This teaches even old dogs (like me) how to sell to the Gen Me'ers. It helps me take what I learned to do, add to that for best effect and go forward into a new sales mindset.
This is not exclusive to real estate. The advice is broad enough for selling any product and for almost any marketing campaign. Advice includes using stories to connect with a potential buyer, raising curiosity about the product and giving the buyer a reason why to buy a product -- which are not as simple as they might sound. That's why the author explains thoroughly how to accomplish these.
In explaining the key target demographic for marketing, the book transcends a sales or business book and delves into social commentary - primarily "Gen Me," the term for anyone born after 1969 - which includes Gen X'ers and Gen Y'ers. This younger demographic is entirely about feeling good about themselves and individualism.

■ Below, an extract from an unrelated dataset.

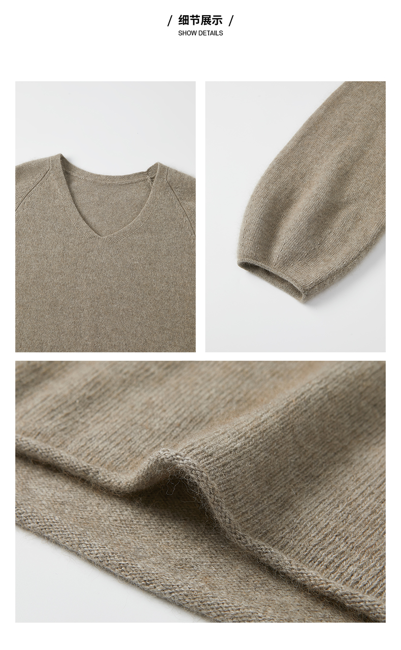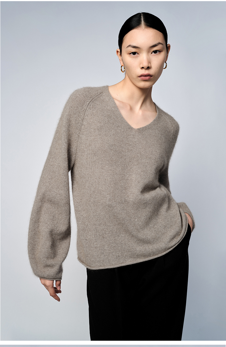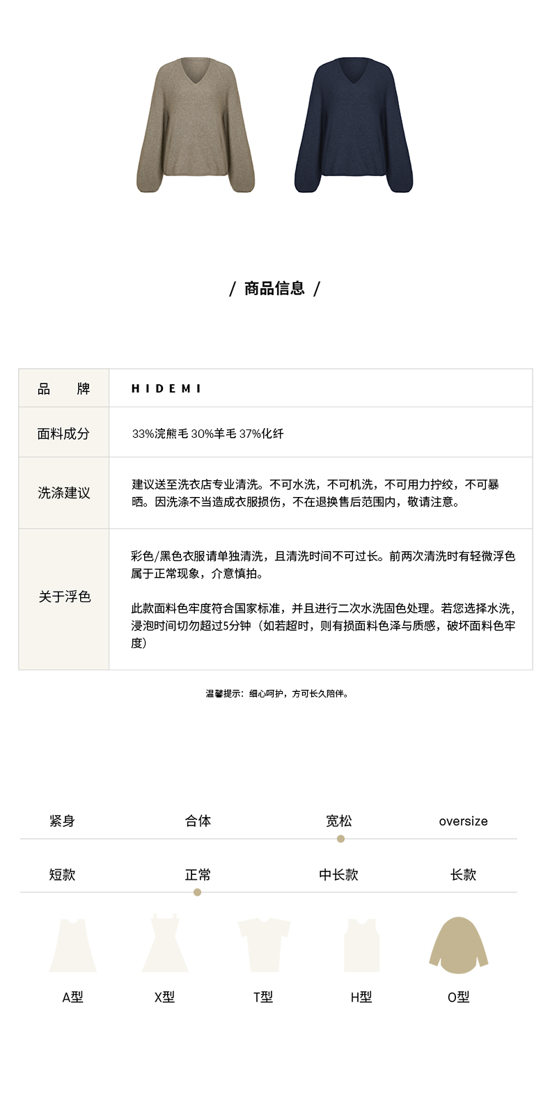 HIDEMI 浣熊毛V领灯笼袖毛衣 栗子色/静谧蓝

I'm admittedly somewhat conflicted on this description - being a member of this demographic. I'm also generally skeptical about any notion of the good old days or a more selfless generation. That said, the author doesn't seem to make judgments and never referenced the "good old days." He's simply advising on how to target the modern market and he certainly knows more about that than I - so perhaps I'm a tad sensitive about my generation.
You don't have to agree with every observation to find the book insightful. He applies this Gen Me analysis to politics, religion and the general culture. He points out that the most popular religious figures such as Rick Warren preach a message of believing in yourself because of God's unconditional love, rather than a strict set of rules like past generations of religious figures might have.
On politics, he accurately predicted that President Obama appealed to Gen Me voters in 2012 way more than Mitt Romney, in a desire to vote their passion over their pocket book. I'm less than convinced about his prediction that Jeb Bush will be victorious in 2016 for meeting the "12 triggers" that are a key cornerstone to the book to reach the Gen Me demo. As I said before, I could be wrong and I think there are clearly things an expert in sales could teach us about politics.
To be clear, it's NOT a political or culture book, but as a political junkie, I enjoyed that minimal aspect. That's one reason why I think this book will leave an impression, because it's a lively book, and not a one dimensional sales course. Regardless of the field of sales or marketing your seeking success in, the book is likely to be relevant.